Cautions: Never use a match, petroleum jelly or nail polish as this makes a tick burrow in deeper, injectinging even more saliva into the skin before you can get it off! [Tick Removal]
Easy Tick Removal:
An easier method is to rub the tick's body gently in a circular motion with the tip of a finger, moving its body around until it releases from the skin. You may wear gloves as a precaution. The tick should release from the skin in under a minute. [Tick Removal video, Video 2]

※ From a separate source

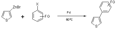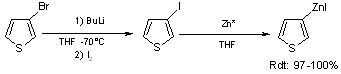 Ce procédé a été étendu à des composés hétéroaromatiques tel que les 2-iodothiophènes ; par exemple le zincique du 2-iodothiophène est obtenu en 1.5 heures à température ambiante avec un rendement de 60%.

Capture the tick and dispose of it by soaking in rubbing alcohol or flush it down a toilet. If you are in an area which has reported Lyme Disease, put the tick in a jar or a sealed bag with a moist paper towel and contact your municipal Public Health Unit to have it tested.
Lone Star Tick
Named after a light spot on the back of adult females of the species, the Lone Star tick is spreading north into Canada. It carries diseases that can be transmitted to dogs and humans. The tick is famous for causing life-long meat allergies in humans.
In 2018, another tick-born bacterium Anaplasma phagocrtophilium was reported in Ontario, the first in Canada. Upper New York State cases have seen cases quadruple in 2021. There is evidence that the bacteria is transmitted to humans much faster than Lyme disease, without a telltale rash.